April 21, 2003
Nearly 3,000 Guatemalan patients were treated by
the interns and podiatry residents from Pontiac Osteopathic Hospital in a recent
trip under the auspices of DOCare International Health Mission.
Twenty-two of the 25 interns
and two first-year residents traveled to Guatemala February 22 through March
9 under the leadership of Gary Willyerd, D.O., MSUCOM Class of 1978 and director
of medical education
(DME) at POH, a member of the Statewide Campus System.

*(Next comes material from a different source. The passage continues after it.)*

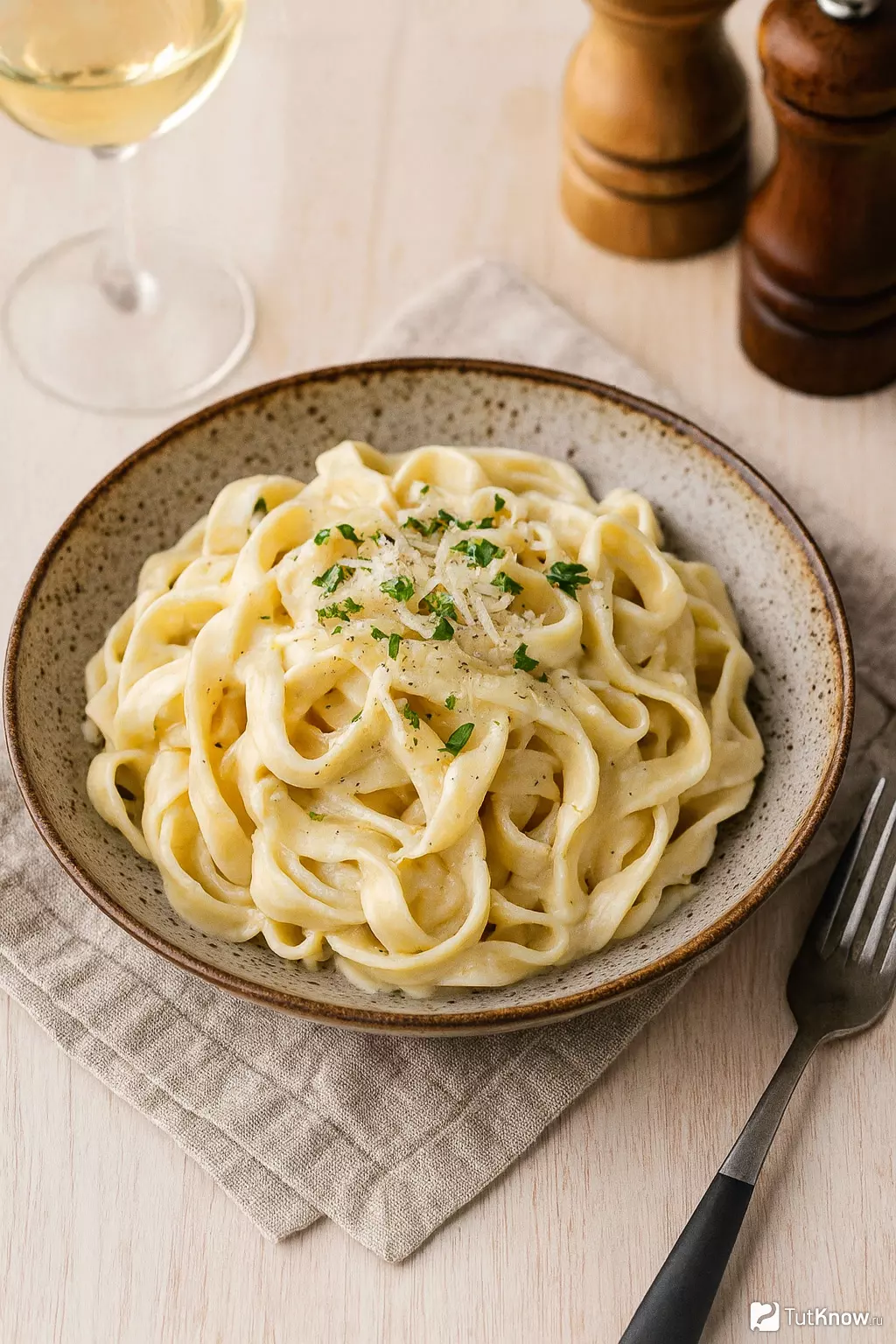 Готовое блюдо обладает насыщенным вкусом сыра и масляной нежностью, которая достигается без добавления сливок. Соус получается гладким и шелковистым — это результат правильной эмульсии воды, масла и пармезана. Хранить такую пасту можно не дольше суток в холодильнике, но лучше наслаждаться ею сразу после приготовления, пока соус тёплый и обволакивающий. Феттучини Альфредо отлично сочетается с кусочком свежего хлеба или лёгким зелёным салатом. Я часто готовлю это блюдо для семейных ужинов — и каждый раз оно исчезает с тарелок без остатка.

Guatemala has the highest infant mortality rate in Central
America and the average life expectancy is only in the 50s. Malnutrition was
frequent and diagnosed
commonly with gastrointestinal parasitic infections due to the poor water
and sanitary conditions. Most patients were given vitamins and anthelmintics,
which
are drugs that destroy parasitic worms. Many patients benefited from osteopathic
treatments, especially the women, who routinely carry heavy loads balanced
on their heads. Allergic skin reactions from sun exposure at the high altitude
and skin cancers were common. Several patients presented with textbook cases
of disease processes never seen by the staff in the United States —for
example, foot and mouth disease and leishmaniasis. 
A three-month campaign by the class raised enough funds to cover
the interns’ and residents’ expenses. The class was divided and
each group spent one week participating in the mission.

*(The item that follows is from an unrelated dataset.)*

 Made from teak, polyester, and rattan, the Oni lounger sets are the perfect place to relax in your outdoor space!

"My clinical supervision and the camaraderie of this experience
brought me personally very close to my intern class," Dr. Willyerd noted.
"During my 14 years as POH’s DME, I have never had an internship
class bond like
this one. Their teamwork and appreciation for ‘modern’ medicine was
greatly heightened
as a result of this experience,” he said.
Dr. Willyerd also said that POH is working to include this mission as a permanent
part of their internship curriculum as well as offering it as a formal rotation
for their residents.
"Discussions are being held by the AOA's Executive Director John Crosby to
develop a continuity site in Guatemala, and I plan to make a presentation to
AODME (Association of Osteopathic Medical Directors and Educators) for the
involvement of other osteopathic training hospitals with DOCare," he said. "Dr.
(Paul) LaCasse (medical director at Botsford Hospital) has already expressed
his interest in having Botsford's participation with this mission."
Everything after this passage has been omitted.